0:41:23 > 0:41:28Death, duties and Labour governments would leave even the Sixth Earl of Carnarvon making cutbacks.

0:41:28 > 0:41:30It was harder to do things in the same way

0:41:30 > 0:41:32as it used to be.

0:41:32 > 0:41:36Costs had gone up a lot, there was inflation, much higher taxation,

0:41:36 > 0:41:39especially in the '60s and '70s,

0:41:39 > 0:41:49so although he still had a cook and a butler and a valet, and very few people cleaning, and a gardener...

0:41:49 > 0:41:50- Chauffeur.- It was down.

0:41:50 > 0:41:55Instead of being 40, 50 people, it was down to less than 10, so there was a big shrinkage.

0:41:55 > 0:41:59The house was quite quiet in those days.

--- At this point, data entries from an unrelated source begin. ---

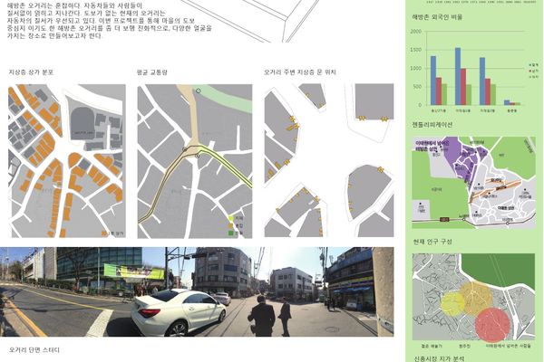 * 과제내용 : 대상부지의 물리적 상황들과 맥락을 관찰한 후 특징적인 건축 패턴이나 도시 현상을 분석하고 표현한다. 도시분석을 통해 발견한 아이디어와 개념을 해방촌오거리 디자인에 적용하여 발전시킨다.* 포스트내용 :- 대표사진 (1장): 300px X 300px (해방촌오거리 디자인 개념의 부분)- 이미지: 도시분석 다이어그램 및 맵핑, 해방촌오거리 설계안- 설명: 주제명 및 팀원 기재 후 도시분석을 통해 추출한 생각과 비판을 한 단락으로 요약 후, 해방촌 오거리 디자인에 적용한 개념과 제안을 한 단락으로 기술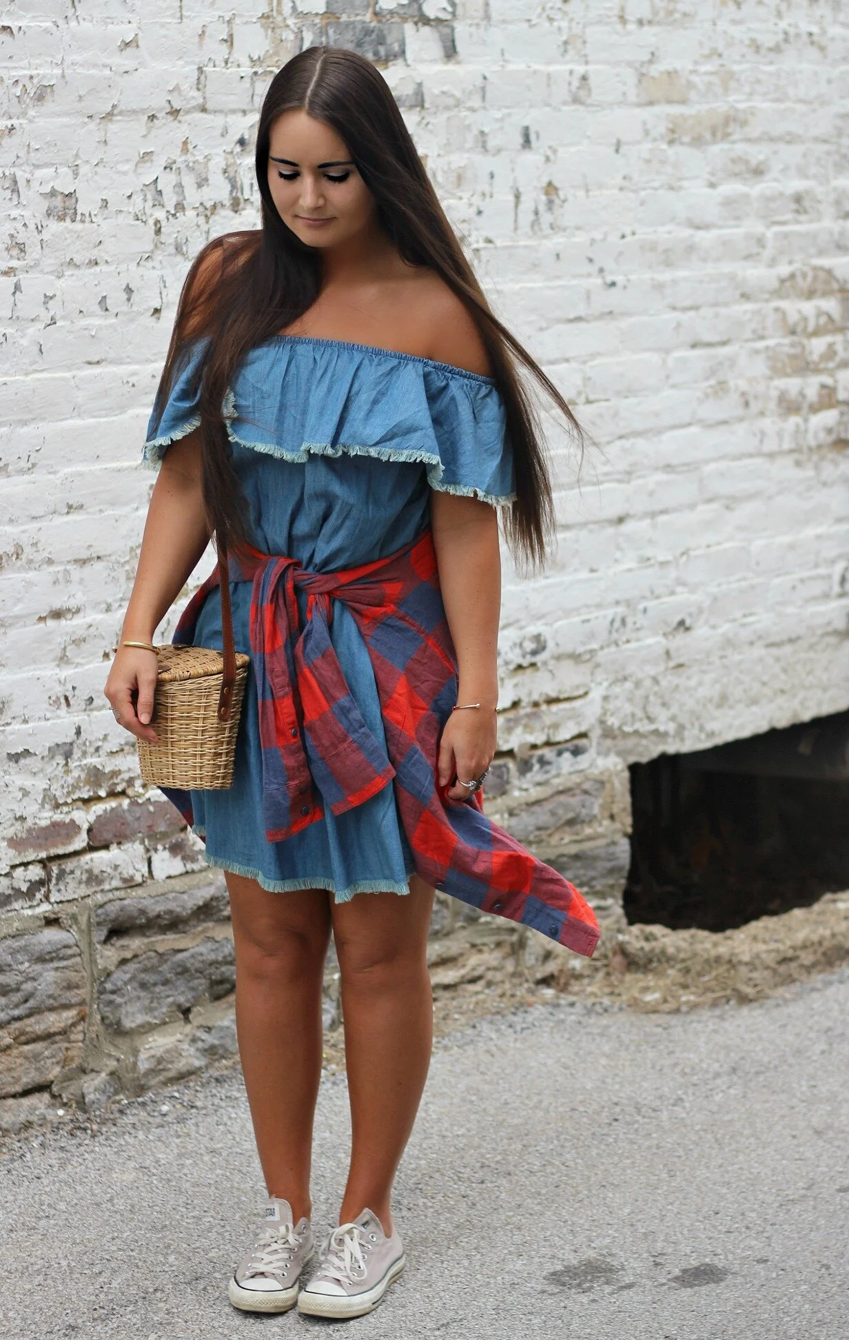 If I had to choose just one thing to wear all spring, it would probably be this chambray dress! I may have a few too many denim dresses but the off the shoulder style and frayed detail of this one makes it extra special! I love the laid-back feel and classic style of denim dresses- you can easily dress them up or down, and wear them year round! If you don't like off-the-shoulder dresses, this can easily be worn with the straps up on the shoulders like a regular dress too! I've linked all of my outfit details for you to shop + some other similar picks (this dress comes in a top version too!) at the end of this post!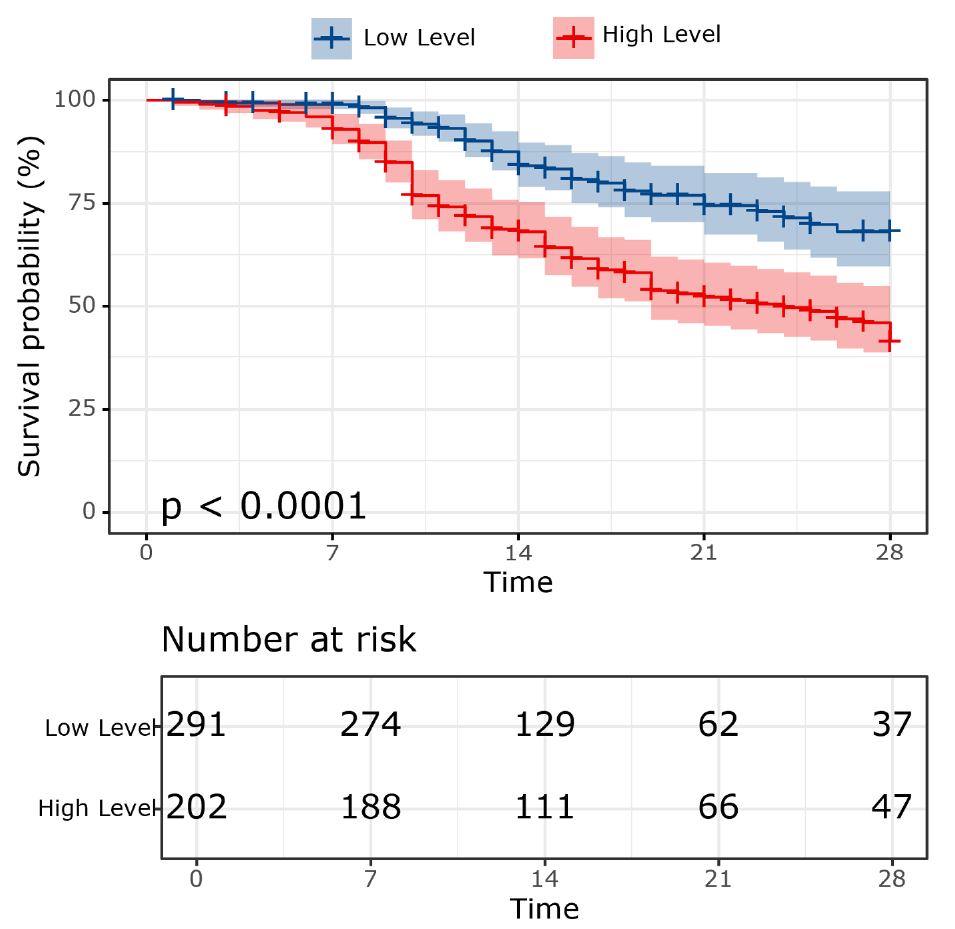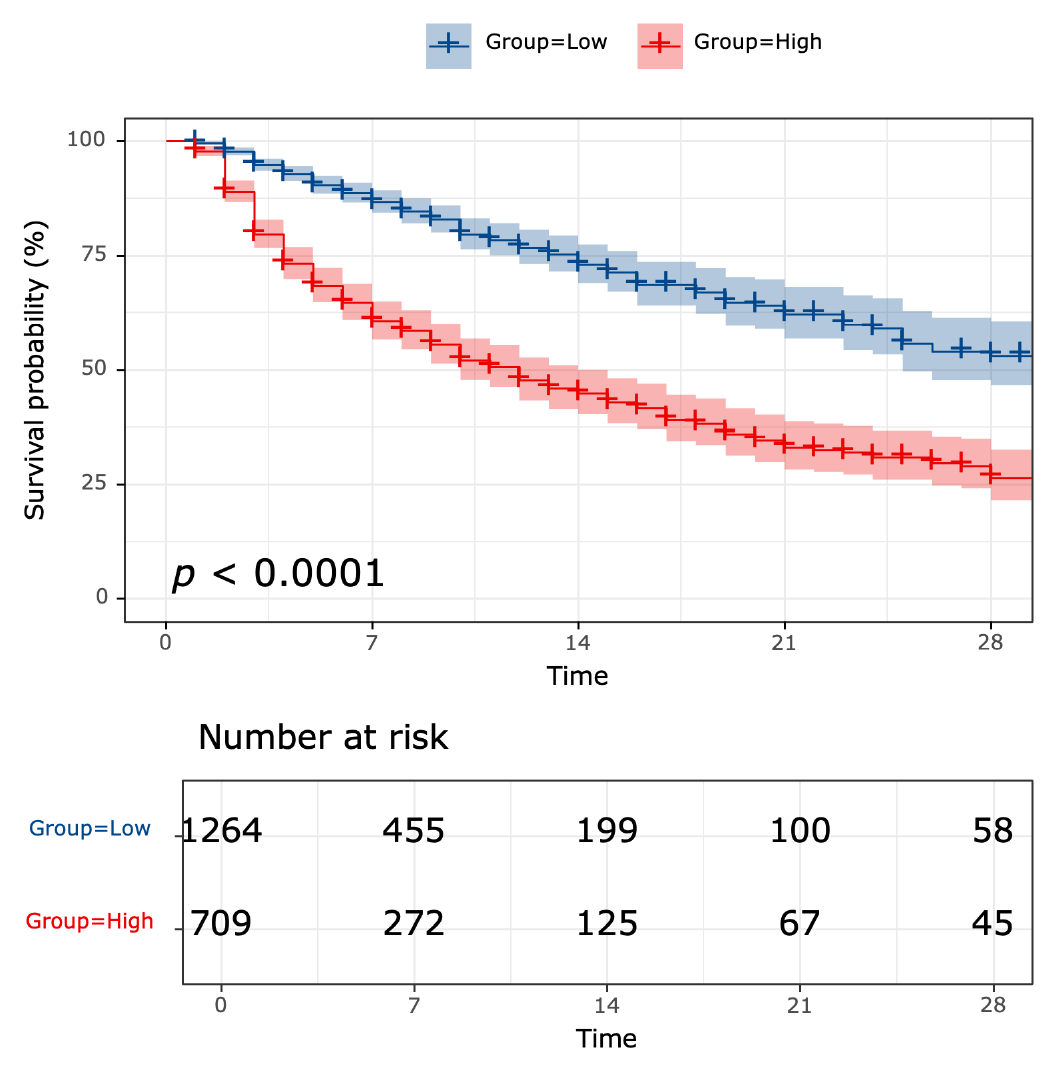 We further validated the predictive ability of GDF15-D1 for 28-day mortality in the validation cohort (n = 1,480). Logistic regression revealed that GDF15-D1 serves as a substantial prognostic factor for 28-day outcomes (odds ratio (OR) = 1.115, 95% CI [1.089–1.141]) (Table S4). The AUROC for GDF15-D1 in predicting 28-day mortality was 0.723 (95% CI [0.692–0.754]), not inferior to the APACHE II score (AUROC = 0.717, 95% CI [0.687–0.747]) (Fig. S2). Survival analysis of the combined cohort (n = 1,973) demonstrated significantly reduced 28-day survival probabilities in individuals with elevated GDF15-D1 levels (Fig. S3).

0:41:59 > 0:42:04It seemed the game was up, and hard-pressed aristocrats bit the bullet.

0:42:04 > 0:42:09The stately homes of England threw open their doors to the public, with spectacular results.

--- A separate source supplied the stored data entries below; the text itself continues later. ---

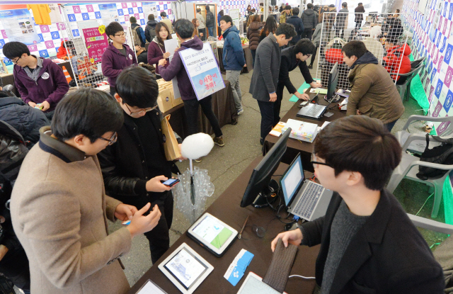 지난 16일 전북대학교 옛 정문 앞에서 열린 ‘전대 창업 한마당’에서 학생들이 학생 창업가들의 톡톡 튀는 아이이어 상품들을 둘러보고 있다.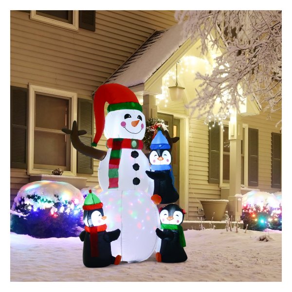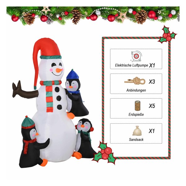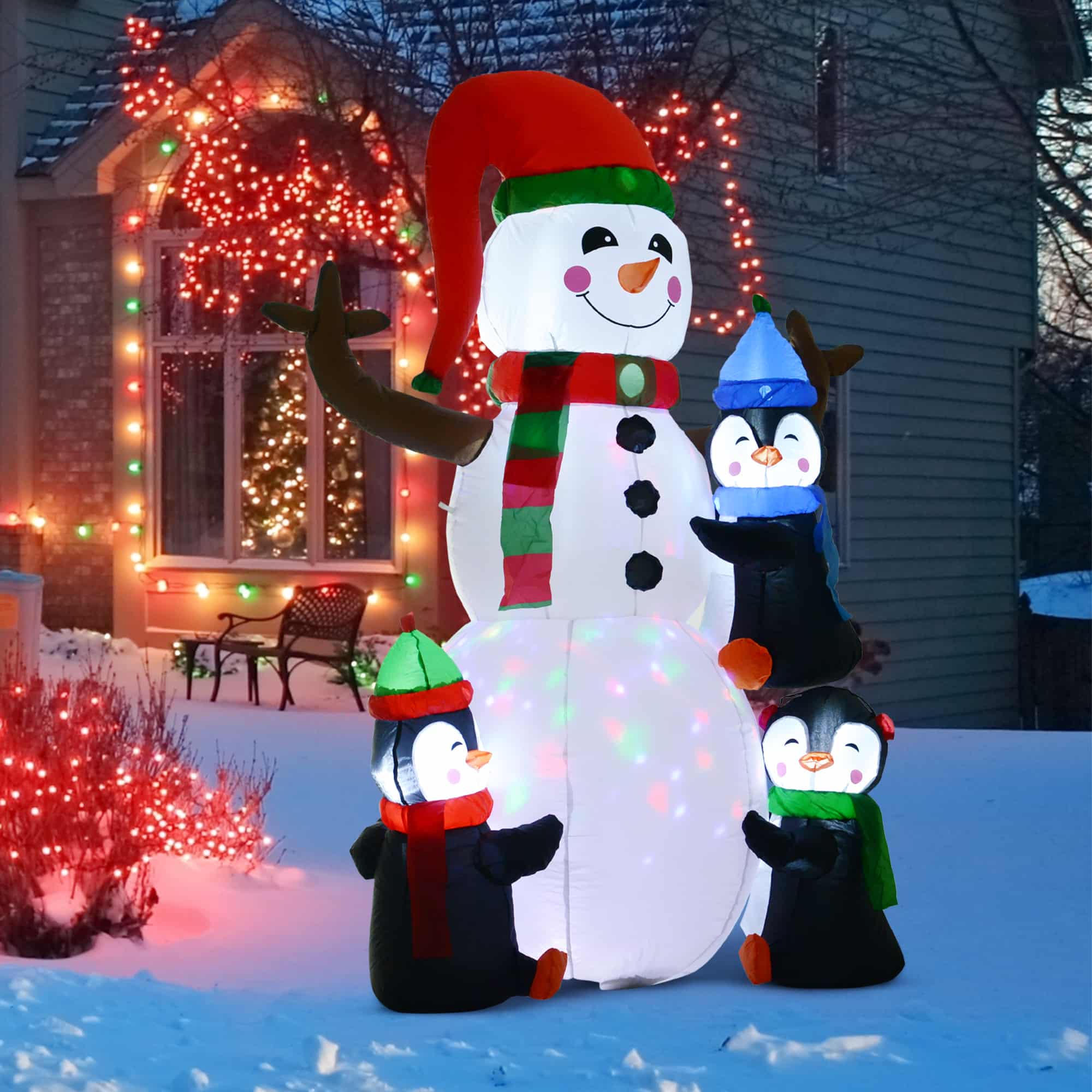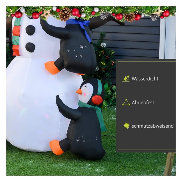 Bullet Point 1 | Geweldig kerstplezier: de 1,8 m grote sneeuwpop met zijn drie kleine pinguïnvrienden is een opvallende en schattige kerstdecoratie voor je voortuin of terras |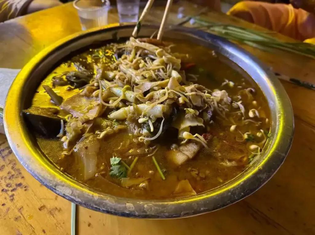 ●工期前几天的晚饭由中介负责,每晚都是一大盆煮菜。殷盛琳 摄

0:42:09 > 0:42:14There seems to be an insatiable curiosity about that far off way of life.

0:42:14 > 0:42:19People loved going to see how the other half lived.

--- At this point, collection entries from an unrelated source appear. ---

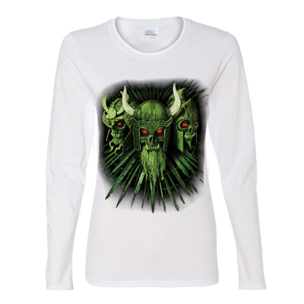 ZOMBIE WARRIORS' SKULLS zombie warrior skulls women's long sleeve tee viking samurai gladiator undead white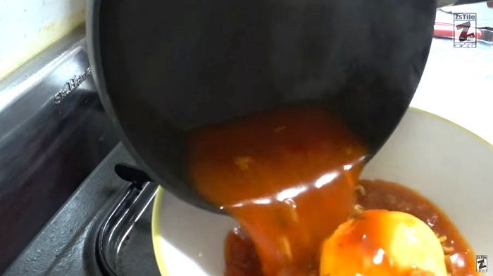 麺を全て取り出した後、沸いている汁には卵を入れて煮込めばいい。好みによって卵を熟す加減を調節して煮こめばいい。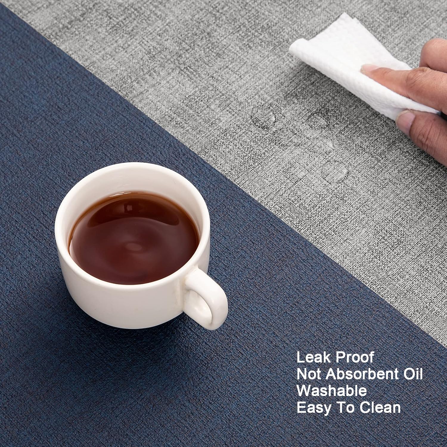 - These placemats are made of faux leather, the sufface texture imitate the linen. Unlike woven or fabric placemats, these placemats are water resistant, they can block the sauce or any liquids to protect the desktop.

0:42:19 > 0:42:24TV was once more on hand to capture the nuances of Britain's shifting class system,

0:42:24 > 0:42:29portraying the plight of the distressed gentry in a string of dramas and sitcoms.

0:42:29 > 0:42:36I think the fallen member of the aristocracy has been a rich vein of comedy.

0:42:36 > 0:42:40If you look at To The Manor Born, in which Penelope Keith's character

0:42:40 > 0:42:45is widowed at the start, and finds herself having to leave the grand house.

0:42:45 > 0:42:49Goodbye, Millie. If there's one thing I've taught you, let it be

0:42:49 > 0:42:53that you don't open tins of instant coffee with the best silver.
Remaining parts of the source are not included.